U.S. flags to be lowered for Kennedy

November 22, 2013 08:31 am | Updated 10:26 am IST - Washington

Clare Calvin, left, a colouring assistant with Madame Tussauds tourist attraction poses for the photographers next to the wax figures of the 35th U.S. President John F. Kennedy, centre, and the one of current president Barack Obama, right, in the World Leaders area at Madame Tussauds tourist attraction, in London. Friday, Nov. 22, 2013 marks the 50th anniversary of the JFK assassination. According to Madame Tussauds, the wax figure of the 35th President of the United States remains a popular feature in the attraction five decades after his death.

Clare Calvin, left, a colouring assistant with Madame Tussauds tourist attraction poses for the photographers next to the wax figures of the 35th U.S. President John F. Kennedy, centre, and the one of current president Barack Obama, right, in the World Leaders area at Madame Tussauds tourist attraction, in London. Friday, Nov. 22, 2013 marks the 50th anniversary of the JFK assassination. According to Madame Tussauds, the wax figure of the 35th President of the United States remains a popular feature in the attraction five decades after his death.

After weeks of history documentaries, magazine cover stories and poignant recollections, the United States on Friday was to commemorate the 50th anniversary of the assassination of president John F. Kennedy.

U.S. President Barack Obama ordered flags to be lowered to half mast, noting that Mr. Kennedy had “called a generation to service and summoned a nation to greatness.” Mr. Kennedy’s accomplishments in founding the Peace Corps, kick-starting the space programme with the goal of a moon landing, navigating the perils of the Cuban missile crisis that brought the world to the brink of nuclear war: All of these are among the remembrances of his brief presidency.

Friday will see a series of commemorations, with the focus on Dealey Plaza, in Dallas, Texas, where the assassination occurred and an assassination museum has been built. An estimated 5,000 people are expected to attend. Around 900 journalists from around the world had registered their plans to cover the ceremony, the newspaper Dallas News reported.

In Boston, Massachusetts, where Mr. Kennedy was born, several events are planned including church services, concerts and the opening of an exhibit with personal artefacts of the 35th president that have never been shown in public.

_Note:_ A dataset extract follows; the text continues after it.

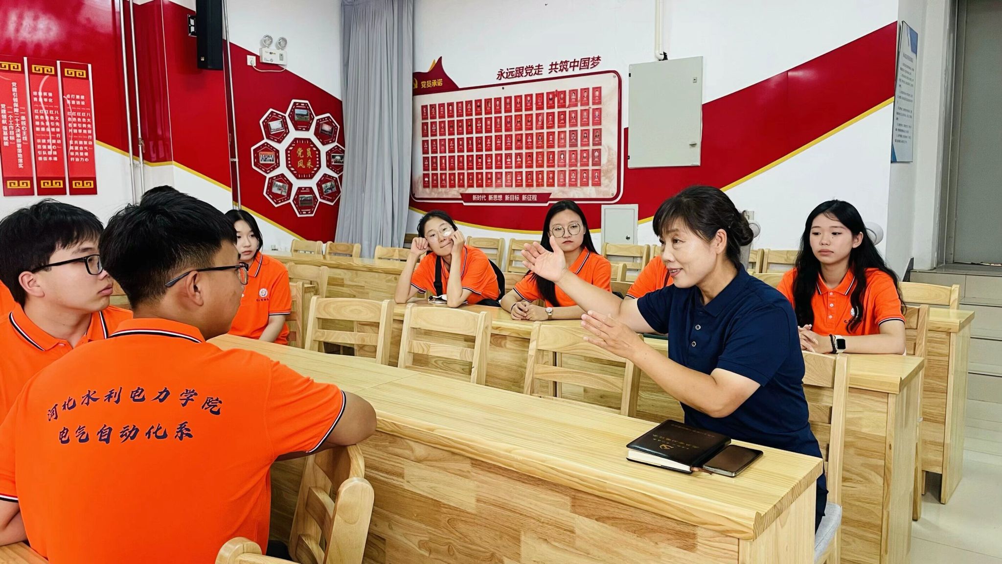 讲解员张彩云同志向大家讲述习近平总书记来第六埠村看望慰问的场景,总书记和村民们拉家常的温馨画面仿佛重现在大家眼前。大家深切感受到总书记无微不至、亲切温暖的关怀。同学们纷纷表示要牢记总书记嘱托,助力乡村振兴,争做新时代青年,用实际行动践行“请党放心,强国有我”。
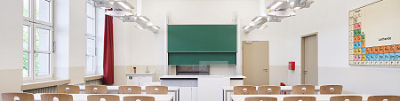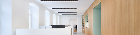 Innenräume erhielten eine behutsame Oberflächenüberarbeitung unter besonderer Berücksichtigung des Denkmalschutzes, inklusive der Wiederherstellung historischer Wandoberflächen, Einbauschränke und Verzierungen. Brandschutztechnisch wurden F90-Decken und akustisch wirksame Gipskarton-Lochdecken als freistehende Deckensegel eingebaut, sodass die ursprünglichen Geschosshöhen erlebbar bleiben. Bodenbeläge wurden nur punktuell überarbeitet, um möglichst viel Originalsubstanz zu erhalten.

But the enduring video image of the day, one that has rerun on every U.S. broadcast channel for weeks, is that of first lady Jacqueline Kennedy in her double-breasted, pink wool suit. She begins the day in Texas with her husband, wearing the suit and matching pillbox hat, a broad smile on her face and an armful of red roses against the pink wool.

Sadly remarkable about her presence was this was her first public outing after giving birth just three months before to their last child, a son, Patrick Bouvier Kennedy, who died shortly after birth.

By 12:30 pm local time (1830 GMT), yet another tragedy was to befall her. The sniper’s bullet at Dealey Plaza in Dallas, Texas, put an end to Jack Kennedy’s life even as she sat next to him in the open-air limousine. Her next actions are embedded in the American psyche: her frantic crawl over the back of the car, her return to the seat, his slumped body in her lap.

And during the long weekend of mourning and burial, broadcast nationwide on television for the media’s first round-the-clock coverage of an event, the enduring image was that of Jackie: How the 34-year-old widow stood next to Lyndon B. Johnson as he was sworn in as president, her husband’s blood caked on the pink suit and on her legs.

She refused to wash and change clothes. “Let them see what they have done,” she later told a journalist.